Substantial opportunities to invest in student accommodation exist outside the UK but vary considerably by country, as Richard Lowe reports
The UK market for student accommodation is the largest in Europe, with the number of student beds estimated to outstrip those in all the rest of Europe. However, developers are looking to transfer their expertise to the continent, where certain countries offer a number of opportunities.
"There has been a sea change in the UK that has allowed developers, operators and funders to develop an expertise that is unrivalled in Europe now," says Richard Collins, director for education and economics at DTZ.
Europe, it seems, "represents a considerable area of interest for a number of them", including DTZ itself.
Peter Hobbs, head of global real estate research at RREEF, agrees there is much scope for UK providers to export their business models to the continent.
"We will start to get more pan-European opportunities," he says. However, prospects in Europe outside the UK are very much a mixed bag. "There are huge variations across Europe in terms of the opportunities, the potential, the size of the market," Andrew Allen, head of research and strategy at Cordea Savills, agrees. "It is fair to say there isn't any one model followed in Europe," he says.
Italy and Spain are two examples where prospects are limited. While there is a tradition for young people in the UK to move away from home when they study at university, students in Spain tend to study at local universities and continue living with their parents, Allen suggests. And while Italian students are more prone to moving away, they are more likely to move into private flats, with student halls limited in number.
Germany has a much more substantial market, but the country's accommodation is largely subsidised and rental values are therefore low. Having said this, Hobbs believes this may well change over time, but he predicts "it will take a long time before you can start to get to a market rate".
The most developed markets on the continent are to be found in France and the Nordic countries, where the best opportunities most likely exist.
Looking farther afield, India is one to watch for the future. The country has a need for the development of its higher education infrastructure, says Hobbs - something private sector developers and institutional investors could provide.
"Given the stage of development of Europe and
the US, it's not needed - we don't have that demand or pressure," he says. "But the supply is so limited
in a country like India where the provisions have
not been the same as China. There is a big opportunity I feel for private provision of entire university campuses."

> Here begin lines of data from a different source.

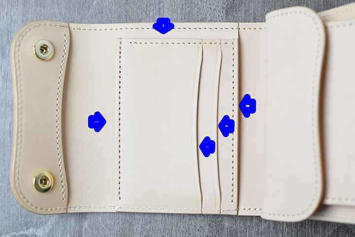 フラップ裏のスペースはカード等入れる際、力の加減により入り口部分の革が裂ける可能性がございますので、こちらのスペースにはカード等を入れないようご注意ください。
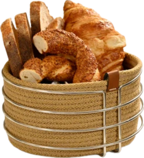 Edorahome Silver Yuvarlak Ekmek Sepeti Şık,Ekmeklik Kahve Hasır Örmeli Makrome-Çok Amaçlı Metal Paslanmaz
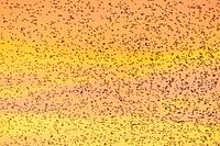 Een grote groep spreeuwen in tegen door de ondergaande zon beschenen wolken
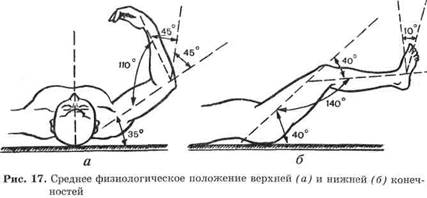 | или согнуты в локтевых суставах и касаются лба; под голеностопные суставы подложен валик | вой стороны | ||||

There is, of course, a student accommodation market to rival the UK in terms of maturity and size. Like the UK, demand growth in the US, spurred by demographic and university attendance trends, has not been matched by an adequate supply of student housing.
In the UK, the current boom in the numbers of 18-21-year olds in the country is forecast to peak in 2010-11 before decreasing significantly over the next decade by 12%, according to the Higher Education Policy Institute. However, this is offset by a growth in the socio-economic groups that historically are more likely to enrol at university.
In the US, the demographic picture is not dis-similar. RREEF research shows that the student population is rising twice as fast as the total US population, and attendance is growing among the types of students more likely to seek "institutional-quality" student housing - that is, typically, full-time female students, attending four-year courses at public universities.
The majority of US universities are public schools that have little in the way of financial resources to apply to student housing and where there is less of a tradition of students residing on campus - as is more the case among private Ivy League institutions.
"It is in the public schools - the Universities of California or Florida or Texas - where there are much bigger opportunities and there is less of tradition of having their students reside on campus," says Andrew Nelson, vice-president of research at RREEF.
"Also these schools are increasingly stretched for capital and they are therefore out getting more resources for the core mission of the university - whether that is research, putting up labs, libraries or classrooms - and relatively little into student housing, because they realise correctly that the private sector can come in and create that for them pretty easily.
"A lot of the new accommodation going up doesn't even have a formal affiliation with the university - these are built totally on a speculative basis. Informally, it leaves the universities to devote spare capital to housing and therefore to allocate more money to the core missions."
And while the UK market is served by a number of institutional funds, exposure to the US student accommodation sector can be gained through several dedicated real estate investment trusts, including American Campus Communities, GMH Communities Trust (which also contains military housing), and Education Realty Trust. These vehicles have all resulted in making the market "more transparent", Nelson says.
The US student accommodation investment market has grown substantially during recent years, with investment volume increasing from virtually nil in 2001 to close to $2bn (€1.36bn) in 2005 and 2006.
"It is undoubtedly still a rather small slice of the investment market compared with the opportunities in residential real estate overall," Nelson says.
"But it is growing and certainly has the attention, increasingly, of the institutional investment world, because there are some very compelling demographic stories there and good opportunities to serve a market which traditionally has been served by rather small under-capitalised players."
Furthermore, Nelson adds: "There is very strong student growth and increasing matriculation rates that translate into strong and growing demand."